RECORDS SUPPLIED section start
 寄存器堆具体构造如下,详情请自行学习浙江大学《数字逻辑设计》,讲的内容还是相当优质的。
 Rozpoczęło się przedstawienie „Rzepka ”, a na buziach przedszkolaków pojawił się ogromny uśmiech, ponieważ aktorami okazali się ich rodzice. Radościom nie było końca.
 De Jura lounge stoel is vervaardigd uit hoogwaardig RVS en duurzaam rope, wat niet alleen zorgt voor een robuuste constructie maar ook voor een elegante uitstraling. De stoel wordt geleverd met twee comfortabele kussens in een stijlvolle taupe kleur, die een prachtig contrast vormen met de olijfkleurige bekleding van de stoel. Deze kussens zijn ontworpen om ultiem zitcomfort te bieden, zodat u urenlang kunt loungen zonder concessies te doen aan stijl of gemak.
RECORDS SUPPLIED section end
RECORDS SUPPLIED section start
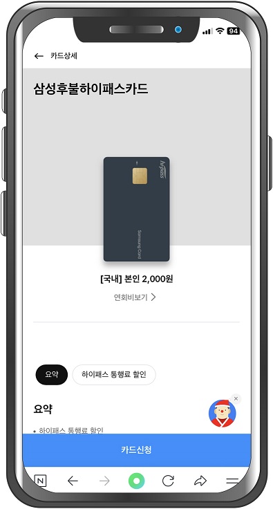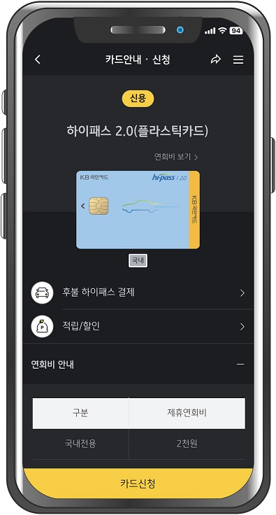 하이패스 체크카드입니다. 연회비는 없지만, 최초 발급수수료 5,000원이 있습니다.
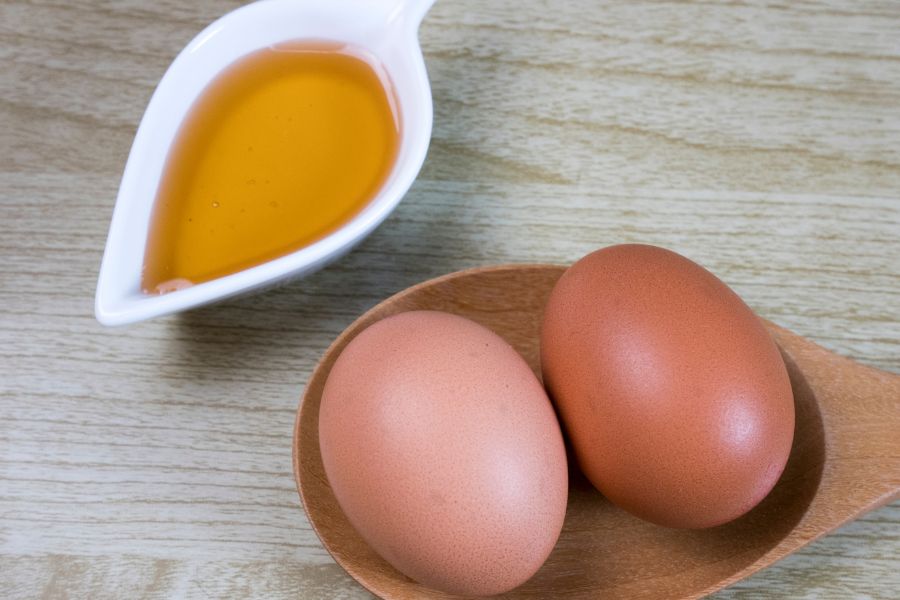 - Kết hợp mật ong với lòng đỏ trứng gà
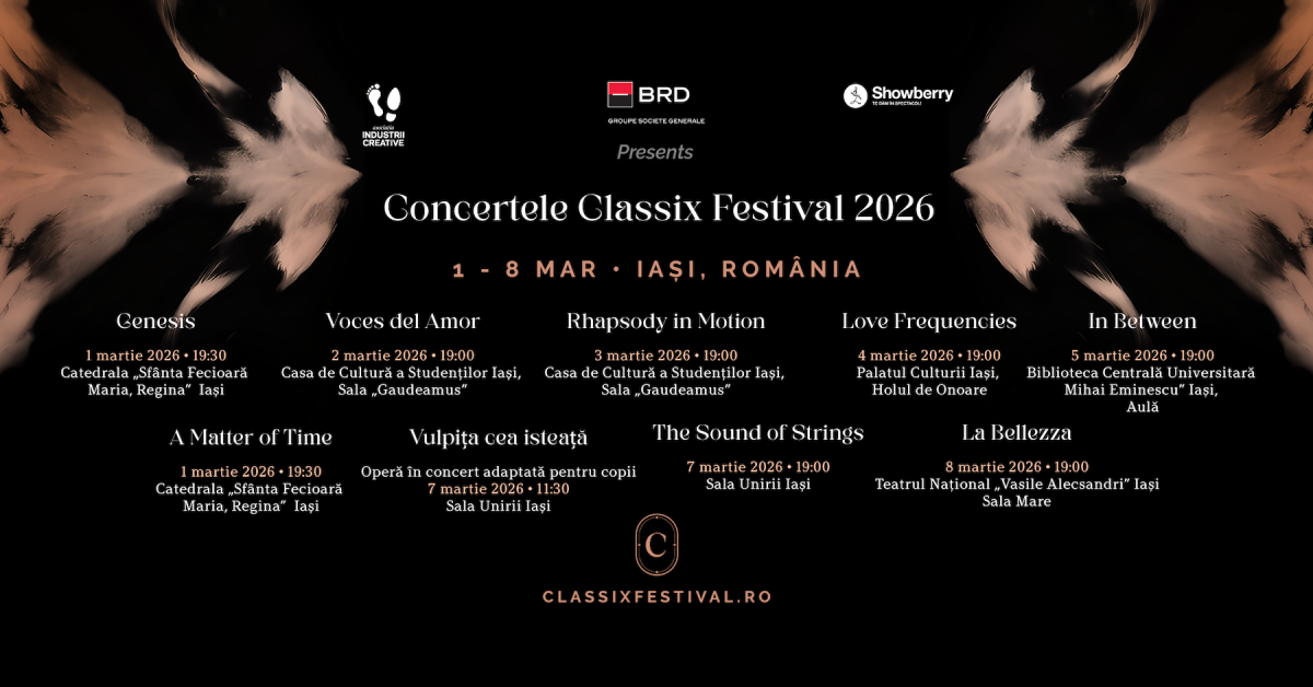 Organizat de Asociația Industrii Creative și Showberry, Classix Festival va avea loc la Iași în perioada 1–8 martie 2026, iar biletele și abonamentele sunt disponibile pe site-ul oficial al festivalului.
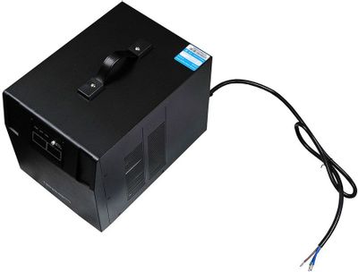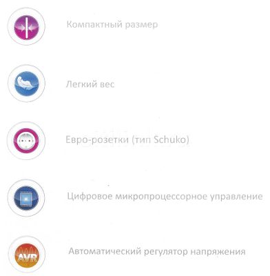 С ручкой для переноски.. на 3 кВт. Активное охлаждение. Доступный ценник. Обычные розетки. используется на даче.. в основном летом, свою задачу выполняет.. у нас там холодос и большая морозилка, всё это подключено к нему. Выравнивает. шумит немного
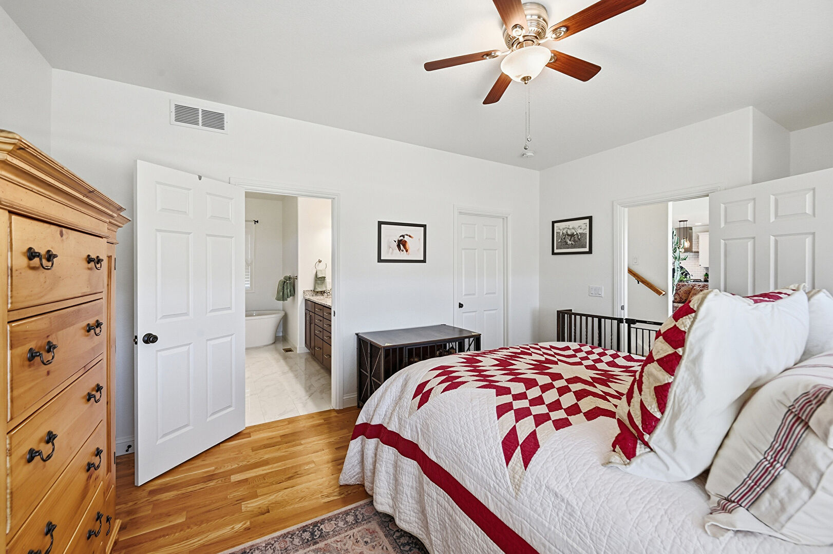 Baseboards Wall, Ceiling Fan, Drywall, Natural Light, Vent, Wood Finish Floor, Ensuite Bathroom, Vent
RECORDS SUPPLIED section end
RECORDS SUPPLIED section start
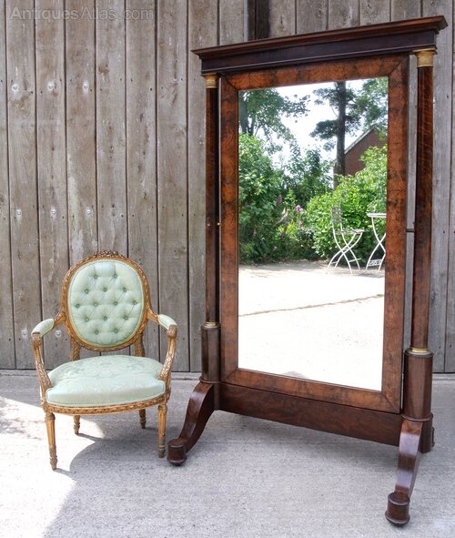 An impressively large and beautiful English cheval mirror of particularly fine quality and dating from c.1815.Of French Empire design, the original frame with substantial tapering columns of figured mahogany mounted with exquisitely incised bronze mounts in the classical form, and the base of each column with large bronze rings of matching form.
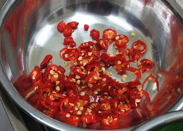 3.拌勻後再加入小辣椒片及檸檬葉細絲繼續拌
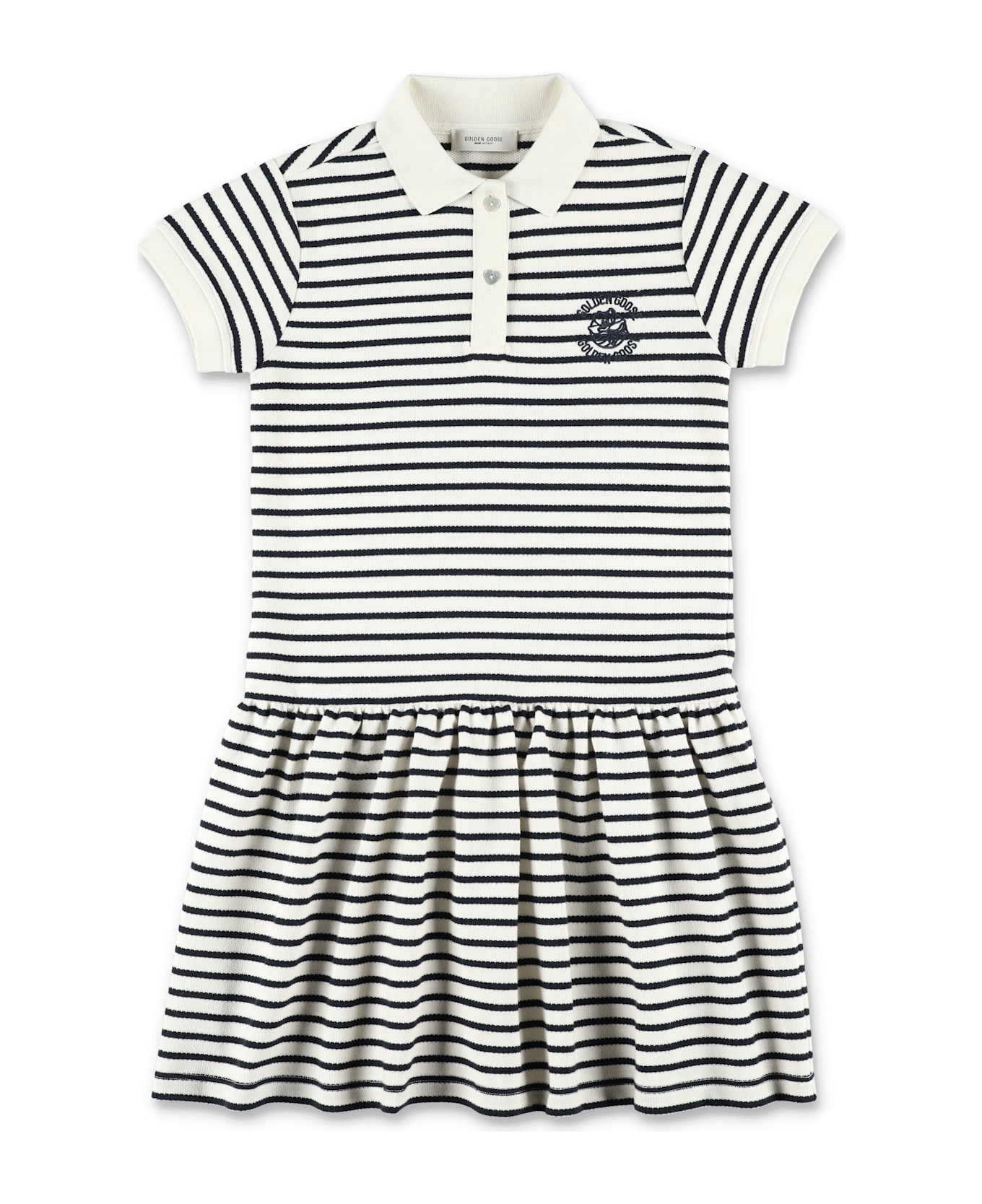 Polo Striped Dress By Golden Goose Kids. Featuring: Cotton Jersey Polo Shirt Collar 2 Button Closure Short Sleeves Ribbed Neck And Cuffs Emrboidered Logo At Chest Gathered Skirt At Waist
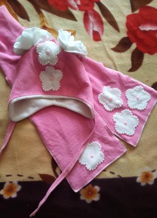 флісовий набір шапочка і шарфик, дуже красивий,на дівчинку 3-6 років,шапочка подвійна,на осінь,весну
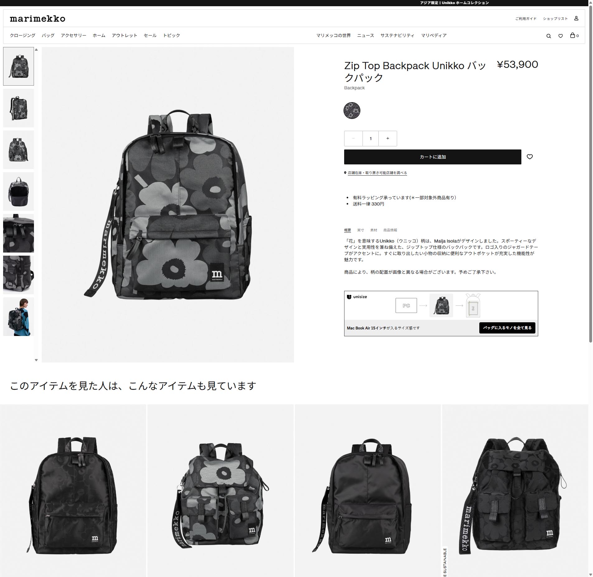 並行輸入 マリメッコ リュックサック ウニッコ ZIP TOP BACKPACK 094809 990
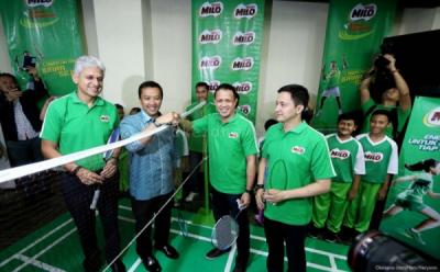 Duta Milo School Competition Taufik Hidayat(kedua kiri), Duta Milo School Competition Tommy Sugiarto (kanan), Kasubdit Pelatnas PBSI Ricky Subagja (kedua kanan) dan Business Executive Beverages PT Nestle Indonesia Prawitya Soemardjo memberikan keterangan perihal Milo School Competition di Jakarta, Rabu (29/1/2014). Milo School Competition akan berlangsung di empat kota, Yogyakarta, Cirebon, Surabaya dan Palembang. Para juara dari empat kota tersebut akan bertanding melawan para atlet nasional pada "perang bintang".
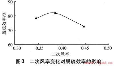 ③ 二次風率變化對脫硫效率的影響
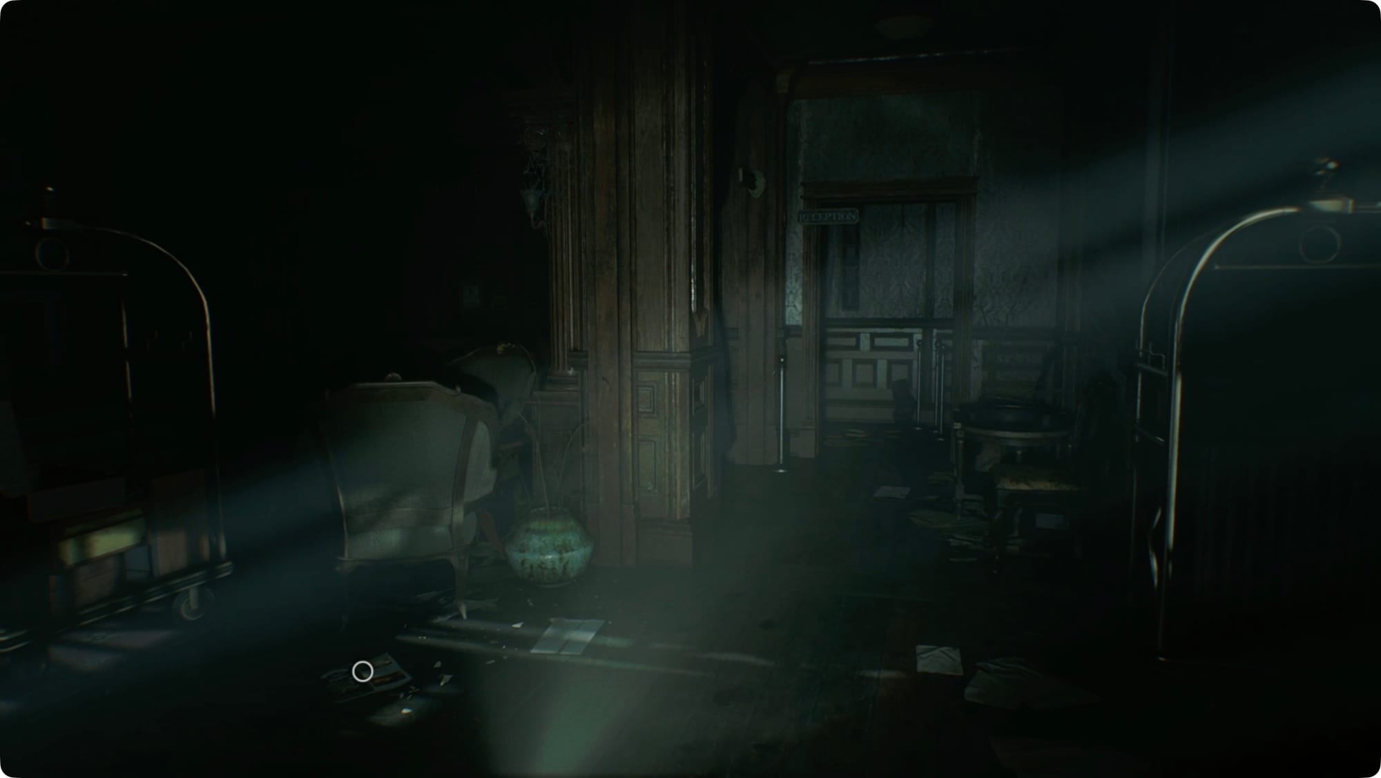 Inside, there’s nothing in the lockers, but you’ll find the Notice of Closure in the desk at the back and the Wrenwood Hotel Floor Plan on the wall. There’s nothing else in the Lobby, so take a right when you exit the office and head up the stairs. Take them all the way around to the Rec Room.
RECORDS SUPPLIED section end
● **WHAT YOU HAVE TO DO**
Word for word, restate the lines above from the line containing "寄存器堆具体构造如下,详情请" through the line containing "Rozpoczęło się przedstawienie", with both included and nothing else.

● **ANSWER FOR THIS EXERCISE**
 寄存器堆具体构造如下,详情请自行学习浙江大学《数字逻辑设计》,讲的内容还是相当优质的。
 Rozpoczęło się przedstawienie „Rzepka ”, a na buziach przedszkolaków pojawił się ogromny uśmiech, ponieważ aktorami okazali się ich rodzice. Radościom nie było końca.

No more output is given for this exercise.